» **Problem details**:
Your reply should contain nothing except the lines from the one with "A super retro" through the end of the listing below, reproduced exactly and stripped of pictures.

» **Given information**:
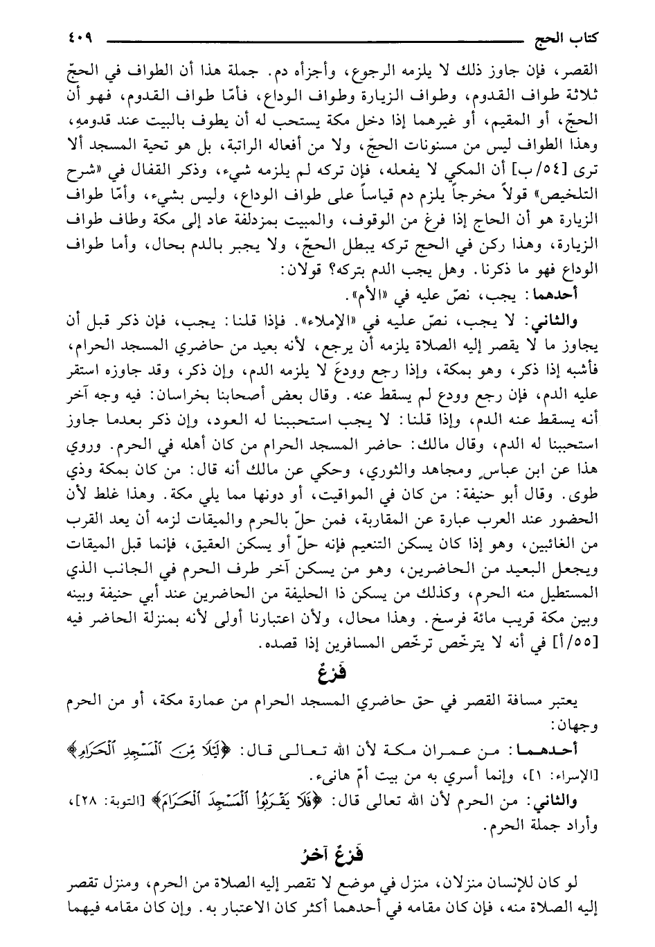 والثاني: لا يجب، نصّ عليه في "الإملاء". فإذا قلنا: يجب، فإن ذكر قبل أن يجاوز ما لا يقصر إليه الصلاة يلزمه أن يرجع، لأنه بعيد من حاضري المسجد الحرام، فأشبه إذا ذكر، وهو بمكة، وإذا رجع وودعَ لا يلزمه الدم، وإن ذكر، وقد جاوزه استقر عليه الدم، فإن رجع وودع لم يسقط عنه. وقال بعض أصحابنا بخراسان: فيه وجه آخر أنه يسقط عنه الدم، وإذا قلنا: لا يجب استحببنا له العود، وإن ذكر بعدما جاوز استحببنا له الدم، وقال مالك: حاضر المسجد الحرام من كان أهله في الحرم. وروي هذا عن ابن عباسٍ ومجاهد والثوري، وحكي عن مالك أنه قال: من كان بمكة وذي طوي. وقال أبو حنيفة: من كان في المواقيت، أو دونها مما يلي مكة. وهذا غلط لأن الحضور عند العرب عبارة عن المقاربة، فمن حلّ بالحرم والميقات لزمه أن يعد القرب من الغائبين، وهو إذا كان يسكن التنعيم فإنه حلّ أو يسكن العقيق، فإنما قبل الميقات ويجعل البعيد من الحاضرين، وهو من يسكن ذا الحليفة من الحاضرين عند أبي حنيفة وبينه وبين مكة قريب مائة فرسخ. وهذا محال، ولأن اعتبارنا أولي لأنه بمنزلة الحاضر فيه [55/أ] في أنه لا يترخّص ترخّص المسافرين إذا قصده.
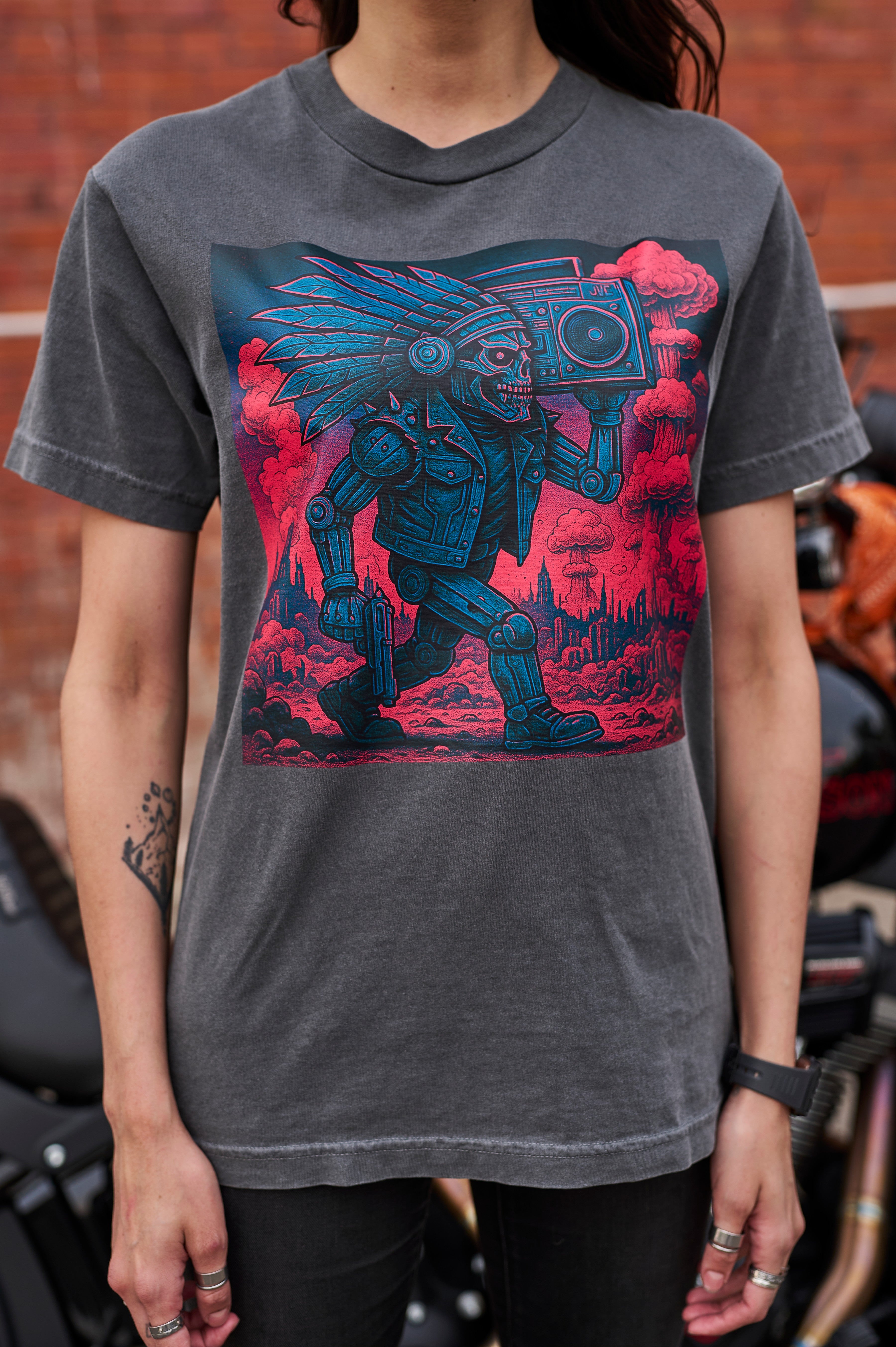 A super retro throwback tee represents the 80s when GIANT boomboxes were carried on the shoulders of the urban youth roaming the streets. If there was a breakdance competition busting out you can guarantee there was a HUGE ghettoblaster blaring music.
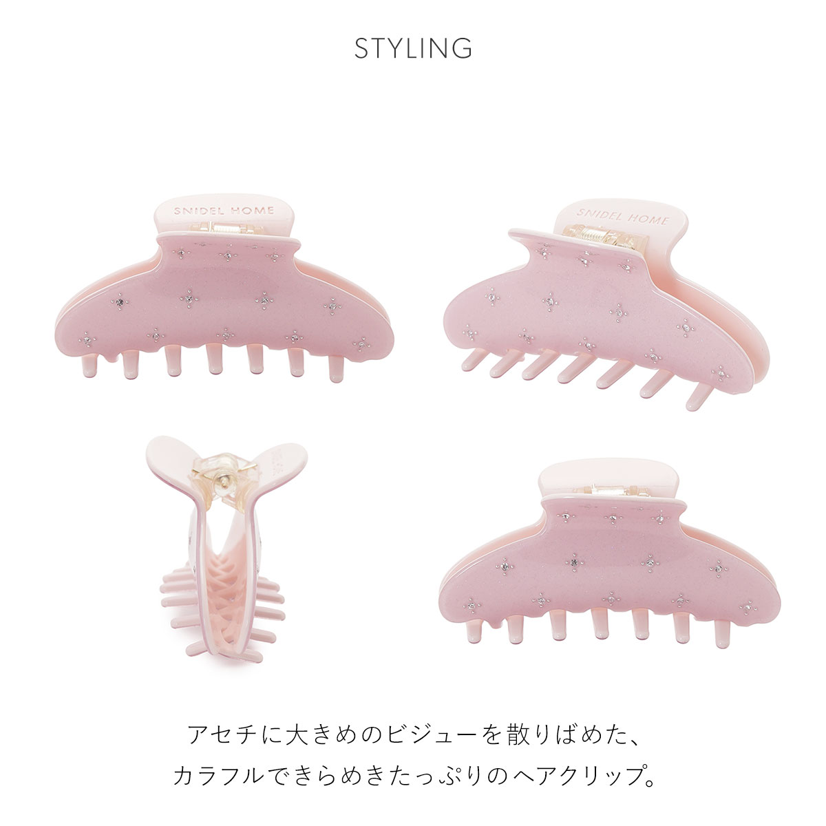 アセチに大きめのビジューを散りばめた、カラフルできらめきたっぷりのヘアクリップ。

» **Reply to the exercise**:
 A super retro throwback tee represents the 80s when GIANT boomboxes were carried on the shoulders of the urban youth roaming the streets. If there was a breakdance competition busting out you can guarantee there was a HUGE ghettoblaster blaring music.
 アセチに大きめのビジューを散りばめた、カラフルできらめきたっぷりのヘアクリップ。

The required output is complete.